I have repalced the front shocks and springs last year and rear shocks also.
I have new tires on the car 31 x 10.5. 15
When I am traveling down the highway 60 plus and go over a bump the car sometimes sways left and right bad feels like the rear end or the car more then the front and the only way to stop it is to brake or hit the gas. The swaybar looks ok. Ps so you know I am an x mechanic 8 years I do all the work on my cars and this one has got me because the front and rear end seem tight .


----------



## Animal (Mar 25, 2005)

karayj said:


> I have a 96 pathi with 92k miles auto.
> I have repalced the front shocks and springs last year and rear shocks also.
> I have new tires on the car 31 x 10.5. 15
> When I am traveling down the highway 60 plus and go over a bump the car sometimes sways left and right bad feels like the rear end or the car more then the front and the only way to stop it is to brake or hit the gas. The swaybar looks ok. Ps so you know I am an x mechanic 8 years I do all the work on my cars and this one has got me because the front and rear end seem tight .

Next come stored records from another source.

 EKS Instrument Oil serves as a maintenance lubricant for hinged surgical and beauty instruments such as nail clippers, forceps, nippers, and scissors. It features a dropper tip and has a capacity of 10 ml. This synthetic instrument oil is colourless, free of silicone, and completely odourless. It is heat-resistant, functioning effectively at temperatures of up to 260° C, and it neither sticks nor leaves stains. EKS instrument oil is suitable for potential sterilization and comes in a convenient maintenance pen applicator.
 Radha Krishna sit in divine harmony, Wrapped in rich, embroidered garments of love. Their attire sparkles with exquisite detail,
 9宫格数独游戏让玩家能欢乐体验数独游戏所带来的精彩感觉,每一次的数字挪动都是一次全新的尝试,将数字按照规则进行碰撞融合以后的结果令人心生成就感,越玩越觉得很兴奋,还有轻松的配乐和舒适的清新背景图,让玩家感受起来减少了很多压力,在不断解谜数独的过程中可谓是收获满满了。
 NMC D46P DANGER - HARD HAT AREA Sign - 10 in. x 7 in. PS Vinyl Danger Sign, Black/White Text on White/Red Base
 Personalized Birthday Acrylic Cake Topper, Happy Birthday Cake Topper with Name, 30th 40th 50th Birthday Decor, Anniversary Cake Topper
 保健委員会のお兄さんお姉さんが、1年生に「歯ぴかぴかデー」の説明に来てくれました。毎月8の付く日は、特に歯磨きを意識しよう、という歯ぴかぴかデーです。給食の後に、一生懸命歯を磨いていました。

Rear link / panhard bushings?


----------



## karayj (Jan 5, 2006)

Pan hard bushing ??? are they the bushing on the link


----------



## Animal (Mar 25, 2005)

karayj said:


> Pan hard bushing ??? are they the bushing on the link


The panhard rod is the one mounted to the rear of the axle housing and runs left to right. It keeps the differential from moving side to side. The link bushings are the ones in the upper and lower links. There are 8 link and 2 panhard bushings.


----------



## karayj (Jan 5, 2006)

*96 pathfinder wobble still happeneing*

I have changed the 4 link bushing and it still wobbles. I am now thinking ti must be something up front becaus e 6 months after new tires and a alignment the cars also pulls to the right a bit any ideas?


----------



## soberinutah (Jan 25, 2006)

karayj said:


> I have changed the 4 link bushing and it still wobbles. I am now thinking ti must be something up front becaus e 6 months after new tires and a alignment the cars also pulls to the right a bit any ideas?

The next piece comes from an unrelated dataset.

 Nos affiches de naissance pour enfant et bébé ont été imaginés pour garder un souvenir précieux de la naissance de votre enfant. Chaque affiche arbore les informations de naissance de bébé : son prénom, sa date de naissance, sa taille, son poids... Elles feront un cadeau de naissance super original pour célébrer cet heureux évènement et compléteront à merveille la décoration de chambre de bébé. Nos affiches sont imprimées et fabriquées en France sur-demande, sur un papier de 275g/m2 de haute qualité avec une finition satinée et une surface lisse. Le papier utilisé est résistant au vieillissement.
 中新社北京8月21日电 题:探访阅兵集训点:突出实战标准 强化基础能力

Kayayj, we are at similar points. 97 path 150k. Bought at 93k with wobble at high speed that quits when I let of gas. Changed shocks and wobble disappeared but came backin 1 yr., new tires made it go away for another yr. Now its back again so I just replaced left lower control arm bushings and rear shocks (both shocks and bushings were in good shape)= wobble still there but stops sooner instead of me having to let off gas. I found good prices on parts at "BuyNissanParts.com" and I will replace right side control arm bushings, upper control arm bushings, stabilzer bar bushings and track bar bushings as soon as I get the parts. I think Animal's reference to "pan hard rod" is what my manual calls "track bar". 
I also was looking at front end items as the cause of this wooble, but I had a 98 path with exact same wooble that I cured by new lower control arm bushings, so I am inclined to the rear end as th culprit. 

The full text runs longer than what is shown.